[isabelle-dev] Polynomial theory
Florian Haftmann
florian.haftmann at informatik.tu-muenchen.de
Mon Jan 12 09:37:13 CET 2009
Dear all,
let me add some observations:
> Actually, I had executability in mind when creating this theory. A new feature, which is not present in the original HOL/Abstract/poly development, is the constructor function pCons :: 'a => 'a poly => 'a poly. It basically means the same thing as Cons in the list-based theory. For example, the polynomial x2 + 2*x + 5 could be written as (pCons 5 (pCons 2 (pCons 1 0))). (It would also be easy to add some list-style syntax for pCons.)
>
> Anyway, I think it would be easy to do code generation for these polynomials, using 0 and pCons as the constructors. All of the operations defined in the theory would be executable on this representation, including div and mod.
I agree that this seems to be the way to go.
> I think there is probably no point in trying to unify the type-class approach with the locale-based approach from HOL/Algebra. The locale-based HOL/Algebra seems to be most useful for people who want to do meta-reasoning about algebraic structures like groups, rings, etc. On the other hand, the type-class approach is better for people who want to reason within specific groups, rings, etc. The two approaches deserve to exist separately.
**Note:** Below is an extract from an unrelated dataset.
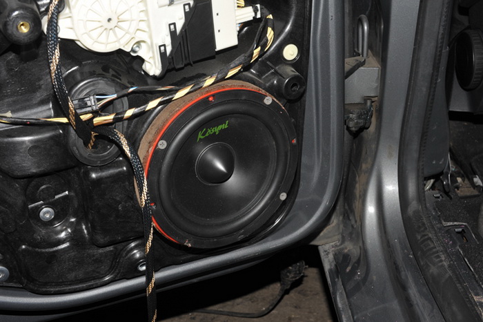 造成大众高尔夫原车品质较差的原因有两个:第一是因为原车音响系统材质太差;第二是因为原车的音响系统不够完善。重庆三正的改装技师就是从这两个方面来对汽车音响进行升级。前声场喇叭替换成了赫FCK165,它的音色要更加的自然一些,而且音乐的层次感也要更加的丰富一些。

There is also a pragmatic distinction: the type/typeclass-oriented
developments in HOL try not be as general as possible at any cost, but
provide a simple base for 80% of all applications; if more general
developments are needed (explicit carriers, equivalence relations),
HOL-Algebra is the way to go.
I think the same argument also applies to the various discussions how to
represent multivariate polynomials: perhaps for many applications the
pragmatic way of using nested univariate polynomials is enough; in
advanced cases more general or more powerful developments are needed.
> The only disadvantage I can think of right now, compared to list-based polynomials, is that "length" is easier to reason about than "degree". However, this is probably just a matter of finding a good set of lemmas about "degree".
I am not sure about this. I think there is still an isomorphism between
"polynomial degree" and "list length" which can be made explicit e.g. by
a constant
coeffs :: 'a poly => 'a list
such that
p != 0 ==> length (coeffs p) = Suc (degree p)
or something alike.
Btw. it seems that this polynomial theory would also supersede some
stuff in HOL-Matrix, but this would need a closer examination.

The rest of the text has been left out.